WHAT THE EXERCISE ASKS —
Every line of the data below should be retyped exactly, with no images carried over.

MATERIAL FOR THIS TASK —
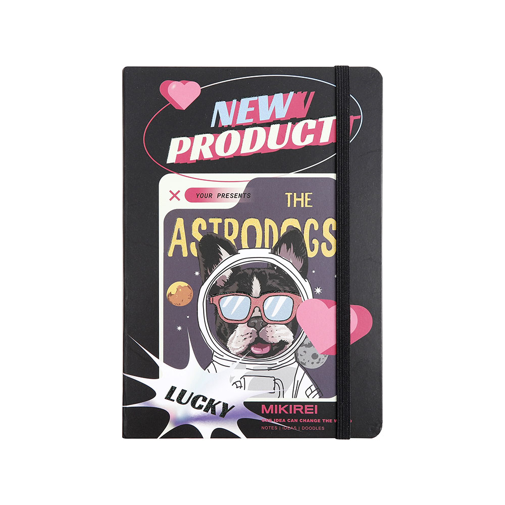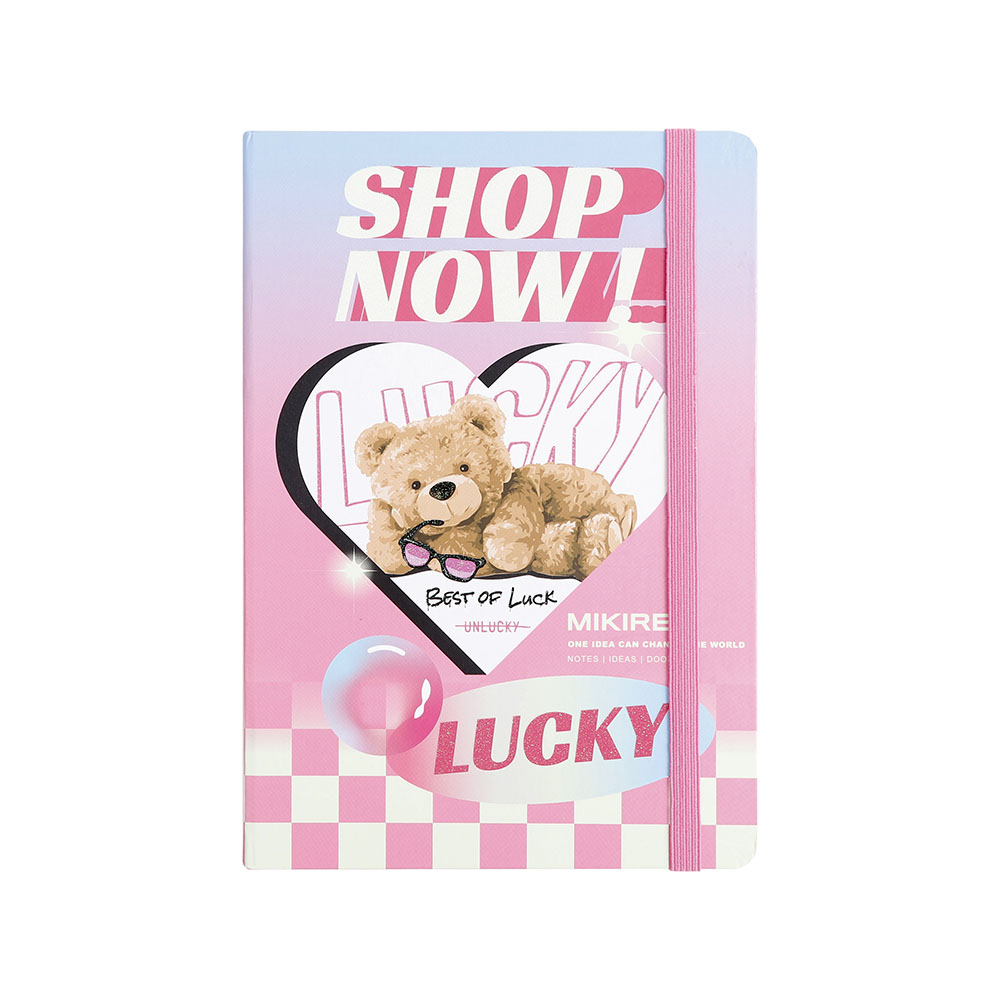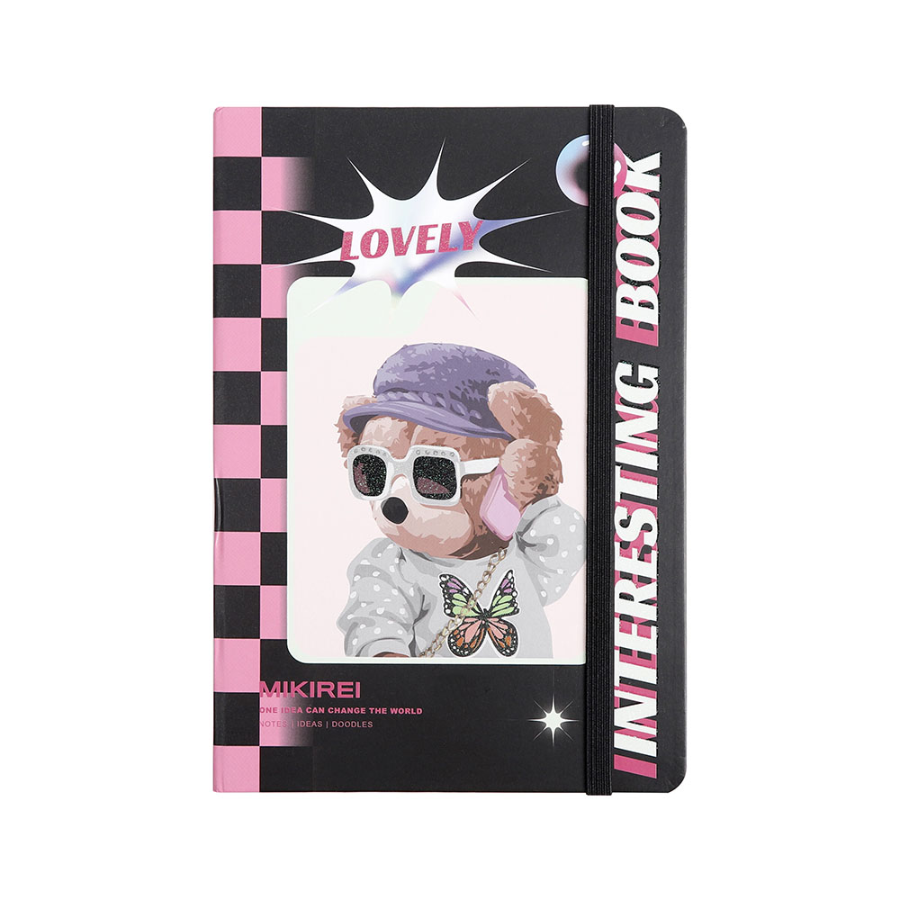 Tamanho 21×14.5. Caderno com pauta, capa dura glitter texturizado com elastico, 96 folhas de 80g, com marcador de pagina em fita.
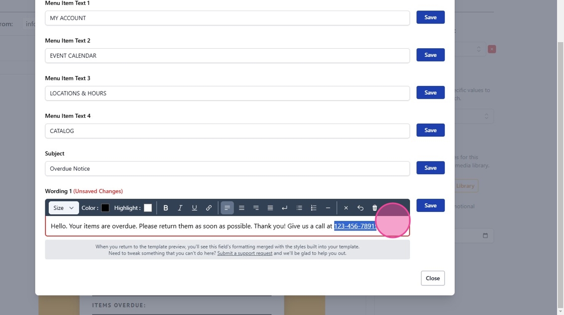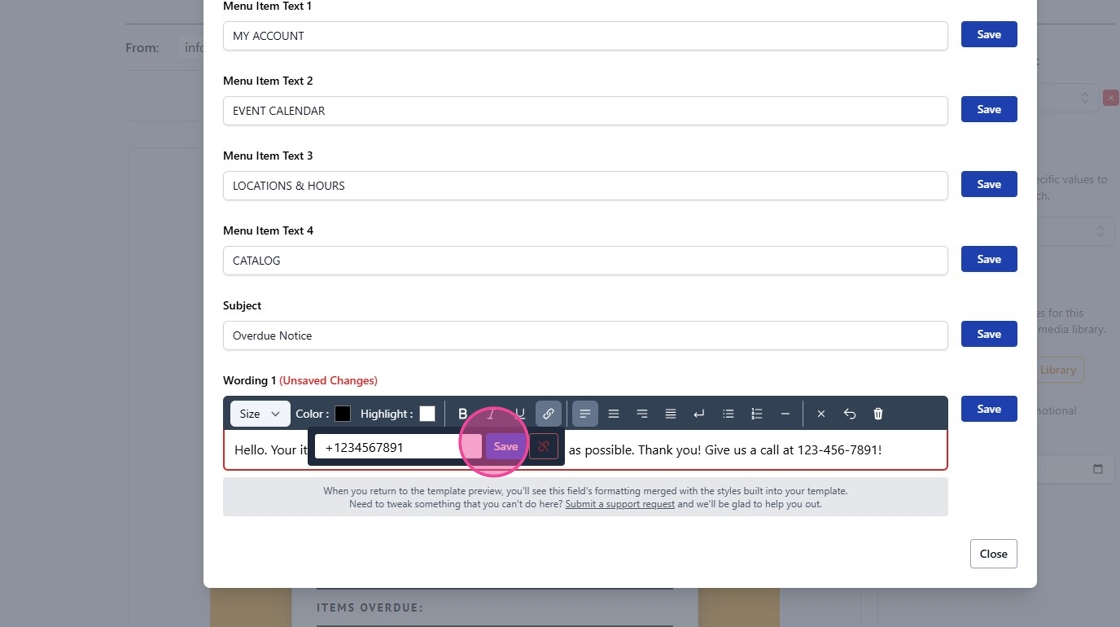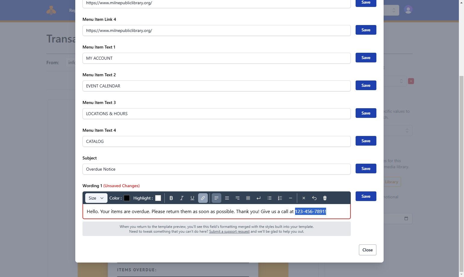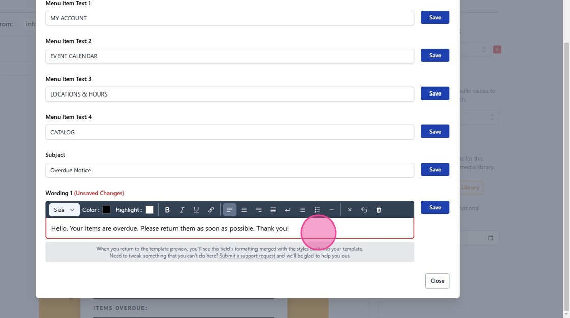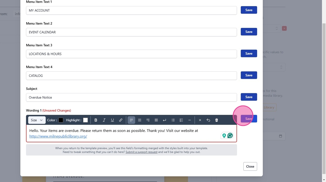 9. Click Save to preserve all modifications to your template.
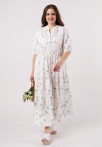 Шифоновое платье, которое идеально подойдёт для создания лёгкого многослойного образа. Платье состоит, из двух слоёв. Верхний слой выполнен из нежного шифона дизайна «веточки», нижний - это комбинация из трикотажной лёгкой подкладки. Платье свободного кроя «А»-силуэта с втачным длинным рукавом. Округлый вырез горловины по переду. По спинке средний шов, переходящий у горловины в разрез на завязке. К нижней части лифа платья ярусами нашиты воланы в сборку, что придаёт платью воздушности и изящества. С шифоновым платьем отлично получаются многослойные образы — это прекрасный вариант для всех сезонов. Длинное шифоновое платье можно комбинировать с удлиненными свитерами, короткими куртками, бомберами, с обувью на каблуке или на плоской подошве.
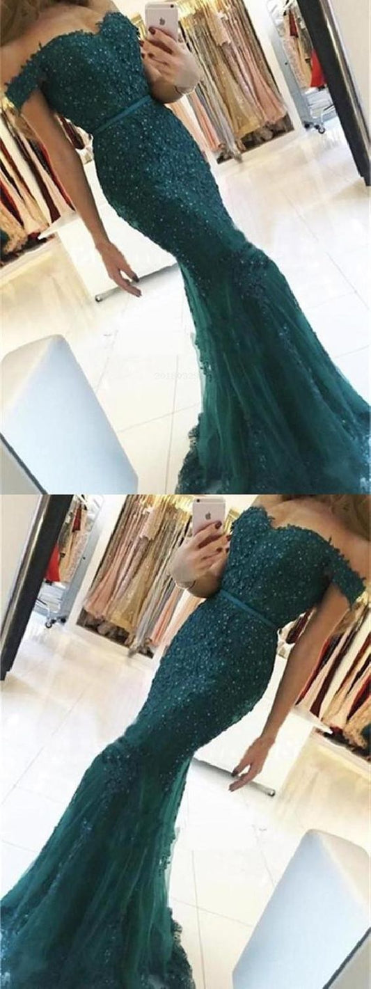 2019 Sweetheart Neck Evening Prom Dresses, Hunter Green Off Shoulder Lace Prom Dresses cg449
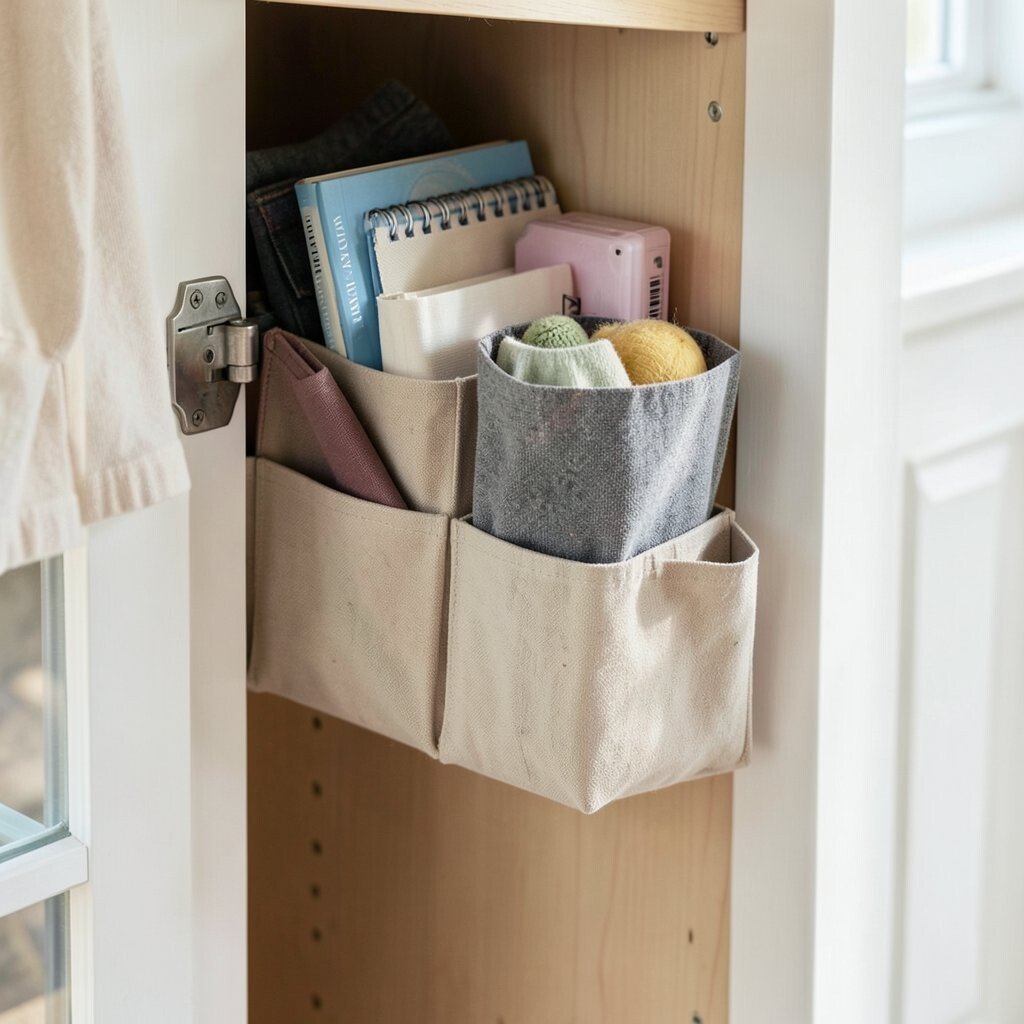 Maximize closet space with a door pocket organizer. Store scarves, belts, or jewelry in the pockets. It’s a clever way to keep your closet tidy.
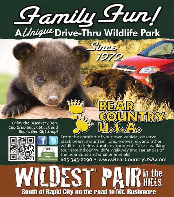 Pony Rides Pig Races Bottle Feeding So Much More! $ 1 OFF ONE ADMISSION 605.737.4815 • oldmacdonaldsfarmrc.com 9 MILES SOUTH OF RAPID CITY ON HWY. 16 Cert1218Fd CHUCKWAGON SUPPER SHOW It’s a hand clappin’ toe tappin’ good time! COME EARLY TO SEE DANCES WITH WOLVES FILM SET! 6:30pm Supper Bell Rings! 7:15-8:15pm Fort Hays Wranglers perform their upbeat Western Music Variety Show. Menu: Chuckwagon Potatoes, BBQ Beef or Chicken, Baked Beans, Biscuits, Applesauce, Old Fashion Spice Cake, Cowboy Coffee and Tenderfoot Lemonade. Make Reservations Early!605-394-9653 5 mi. S of Rapid City on Mt. Rushmore Rd/Hwy 16W HOMEMADE ICE CREAM • Homemade Fudge • Boba Tea • Lattes • Italian Sodas • Smoothies • Sandwiches • Gourmet Freeze Dried Foods and more Located 1 Block from the “Center of the Nation” Monument HWY 85, 603 5th Ave, Belle Fourche, SD 605-723-1607 • HotShotsIceCream.com A great stop on the scenic route to Yellowstone! FIREHOUSE BREWING CO. 610 Main St, Downtown Rapid City, SD SOUTH DAKOTA’S OLDEST BREWERY BREW PUB • FAMILY FRIENDLY OPEN DAILY 4 8 19 6 Bear Country USA 13820 South Highway 16 Rapid City (605) 343-2290 or (541) 646-2059 BearCountryUSA.com Beaver Lake Campground 12005 U.S. Highway 16 Custer (605) 673-2464 BeaverLakeCampground.net Campbell County CVB 314 South Gillette Avenue Gillette (307) 686-0040 VisitGilletteWright.com Cosmos Mystery Area 24040 Cosmos Road Rapid City (605) 343-9802 CosmosMysteryArea.com Crazy Horse Memorial® 12151 Avenue of the Chiefs Custer (605) 673-4681 CrazyHorseMemorial.org Firehouse Brewing Co. 610 Main Street Rapid City (605) 348-1915 FirehouseBrewing.com Flags and Wheels Indoor Racing 405 12th Street Rapid City (605) 341-2186 FlagsAndWheels.com Gold Diggers 2017 Mount Rushmore Road Rapid City (605) 341-9655 505 Main Street Wall (605) 279-2354 241 Main Street Hill City (605) 574-3332 127 Winter Street Keystone (605) 666-5952 BHGoldDiggers.com Gold Pan Saloon 508 Mount Rushmore Road Custer (605) 673-8850 Hills Inn 640 South 6th Street Hot Springs (605) 745-3130 HotSpringsHillsInn.com Hot Shots Ice Cream & Fudge 603 5th Avenue Highway 85 Belle Fourche (605) 723-1607 or (508) 965-5100 HotShotsIceCream.com Mount Rushmore Tours / Fort Hays Chuckwagon 2255 Fort Hayes Drive Rapid City (605) 343-3113 MountRushmoreTours.com Old MacDonald’s Farm 23691 Busted Five Court Rapid City (605) 737-4815 OldMacDonaldsFarmRC.com Rapid Wash Car Wash 1735 Haines Avenue (605) 791-9274 5110 5th Street (605) 791-1464 Rapid City RapidWashCarWash.com Reptile Gardens 8955 South Highway 16 Rapid City (605) 342-5873 ReptileGardens.com Runwild Playground 7089 Infinity Drive Summerset (605) 787-6893 PlayRunwild.com Rush Mountain Adventure Park / Rushmore Cave 13622 Highway 40 Keystone (605) 255-4384 RushMtn.com Rushmore Borglum Story 342 Winter Street Keystone (605) 359-9924 or (605) 359-9222 RushmoreReservations.com Rushmore Tramway Adventures 203 Cemetery Road Keystone (605) 666-4478 RushmoreTramwayadventures.com Sprockets Fun Foundry 221 Swanzey Street Keystone (605) 666-4242 Sprockets.fun VR Den 505 7th Street Rapid City (605) 389-4632 VRDenRC.com 1 2 3 4 5 6 7 8 9 10 11 12 13 14 15 16 17 18 19 20 21 5 11 7 13 12
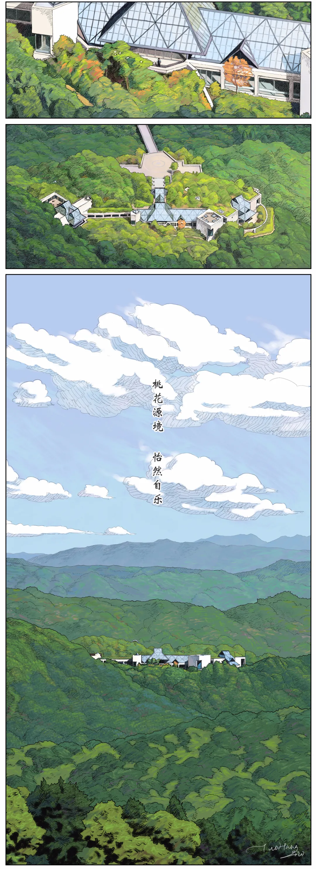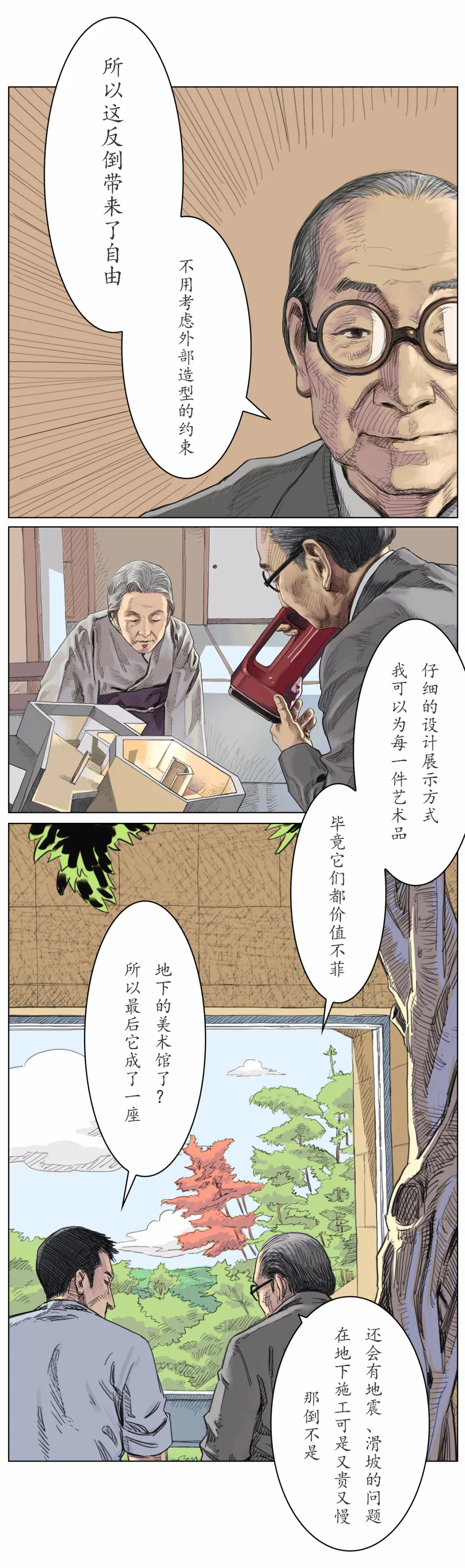 结果因为疫情,在家隔离了 老婆就建议画老贝的故事 我想了想那就画美秀美术馆吧,因为它的规模比较小 我本意是想创作一个篇幅比较小的故事 大概是现在的一半左右吧 结果,画完了分镜头一看,还是100多格 特别是后面的部分,为了表现 “空间的历时体验“ 我设计了一组连续的镜头,其中还包括不少大场面 而美术馆又是和环境融为一体的 搞得我在背景上花费了大量功夫 画树画得快抽筋了 apple pencil的笔头也被磨没了 到最后,我和邦禹使出了洪荒之力,还差点没画完 现在,可以长吁一口气 真累啊 熬夜画漫画果然还是太勉强了

SOLVED EXERCISE —
 Tamanho 21×14.5. Caderno com pauta, capa dura glitter texturizado com elastico, 96 folhas de 80g, com marcador de pagina em fita.
 9. Click Save to preserve all modifications to your template.
 Шифоновое платье, которое идеально подойдёт для создания лёгкого многослойного образа. Платье состоит, из двух слоёв. Верхний слой выполнен из нежного шифона дизайна «веточки», нижний - это комбинация из трикотажной лёгкой подкладки. Платье свободного кроя «А»-силуэта с втачным длинным рукавом. Округлый вырез горловины по переду. По спинке средний шов, переходящий у горловины в разрез на завязке. К нижней части лифа платья ярусами нашиты воланы в сборку, что придаёт платью воздушности и изящества. С шифоновым платьем отлично получаются многослойные образы — это прекрасный вариант для всех сезонов. Длинное шифоновое платье можно комбинировать с удлиненными свитерами, короткими куртками, бомберами, с обувью на каблуке или на плоской подошве.
 2019 Sweetheart Neck Evening Prom Dresses, Hunter Green Off Shoulder Lace Prom Dresses cg449
 Maximize closet space with a door pocket organizer. Store scarves, belts, or jewelry in the pockets. It’s a clever way to keep your closet tidy.
 Pony Rides Pig Races Bottle Feeding So Much More! $ 1 OFF ONE ADMISSION 605.737.4815 • oldmacdonaldsfarmrc.com 9 MILES SOUTH OF RAPID CITY ON HWY. 16 Cert1218Fd CHUCKWAGON SUPPER SHOW It’s a hand clappin’ toe tappin’ good time! COME EARLY TO SEE DANCES WITH WOLVES FILM SET! 6:30pm Supper Bell Rings! 7:15-8:15pm Fort Hays Wranglers perform their upbeat Western Music Variety Show. Menu: Chuckwagon Potatoes, BBQ Beef or Chicken, Baked Beans, Biscuits, Applesauce, Old Fashion Spice Cake, Cowboy Coffee and Tenderfoot Lemonade. Make Reservations Early!605-394-9653 5 mi. S of Rapid City on Mt. Rushmore Rd/Hwy 16W HOMEMADE ICE CREAM • Homemade Fudge • Boba Tea • Lattes • Italian Sodas • Smoothies • Sandwiches • Gourmet Freeze Dried Foods and more Located 1 Block from the “Center of the Nation” Monument HWY 85, 603 5th Ave, Belle Fourche, SD 605-723-1607 • HotShotsIceCream.com A great stop on the scenic route to Yellowstone! FIREHOUSE BREWING CO. 610 Main St, Downtown Rapid City, SD SOUTH DAKOTA’S OLDEST BREWERY BREW PUB • FAMILY FRIENDLY OPEN DAILY 4 8 19 6 Bear Country USA 13820 South Highway 16 Rapid City (605) 343-2290 or (541) 646-2059 BearCountryUSA.com Beaver Lake Campground 12005 U.S. Highway 16 Custer (605) 673-2464 BeaverLakeCampground.net Campbell County CVB 314 South Gillette Avenue Gillette (307) 686-0040 VisitGilletteWright.com Cosmos Mystery Area 24040 Cosmos Road Rapid City (605) 343-9802 CosmosMysteryArea.com Crazy Horse Memorial® 12151 Avenue of the Chiefs Custer (605) 673-4681 CrazyHorseMemorial.org Firehouse Brewing Co. 610 Main Street Rapid City (605) 348-1915 FirehouseBrewing.com Flags and Wheels Indoor Racing 405 12th Street Rapid City (605) 341-2186 FlagsAndWheels.com Gold Diggers 2017 Mount Rushmore Road Rapid City (605) 341-9655 505 Main Street Wall (605) 279-2354 241 Main Street Hill City (605) 574-3332 127 Winter Street Keystone (605) 666-5952 BHGoldDiggers.com Gold Pan Saloon 508 Mount Rushmore Road Custer (605) 673-8850 Hills Inn 640 South 6th Street Hot Springs (605) 745-3130 HotSpringsHillsInn.com Hot Shots Ice Cream & Fudge 603 5th Avenue Highway 85 Belle Fourche (605) 723-1607 or (508) 965-5100 HotShotsIceCream.com Mount Rushmore Tours / Fort Hays Chuckwagon 2255 Fort Hayes Drive Rapid City (605) 343-3113 MountRushmoreTours.com Old MacDonald’s Farm 23691 Busted Five Court Rapid City (605) 737-4815 OldMacDonaldsFarmRC.com Rapid Wash Car Wash 1735 Haines Avenue (605) 791-9274 5110 5th Street (605) 791-1464 Rapid City RapidWashCarWash.com Reptile Gardens 8955 South Highway 16 Rapid City (605) 342-5873 ReptileGardens.com Runwild Playground 7089 Infinity Drive Summerset (605) 787-6893 PlayRunwild.com Rush Mountain Adventure Park / Rushmore Cave 13622 Highway 40 Keystone (605) 255-4384 RushMtn.com Rushmore Borglum Story 342 Winter Street Keystone (605) 359-9924 or (605) 359-9222 RushmoreReservations.com Rushmore Tramway Adventures 203 Cemetery Road Keystone (605) 666-4478 RushmoreTramwayadventures.com Sprockets Fun Foundry 221 Swanzey Street Keystone (605) 666-4242 Sprockets.fun VR Den 505 7th Street Rapid City (605) 389-4632 VRDenRC.com 1 2 3 4 5 6 7 8 9 10 11 12 13 14 15 16 17 18 19 20 21 5 11 7 13 12
 结果因为疫情,在家隔离了 老婆就建议画老贝的故事 我想了想那就画美秀美术馆吧,因为它的规模比较小 我本意是想创作一个篇幅比较小的故事 大概是现在的一半左右吧 结果,画完了分镜头一看,还是100多格 特别是后面的部分,为了表现 “空间的历时体验“ 我设计了一组连续的镜头,其中还包括不少大场面 而美术馆又是和环境融为一体的 搞得我在背景上花费了大量功夫 画树画得快抽筋了 apple pencil的笔头也被磨没了 到最后,我和邦禹使出了洪荒之力,还差点没画完 现在,可以长吁一口气 真累啊 熬夜画漫画果然还是太勉强了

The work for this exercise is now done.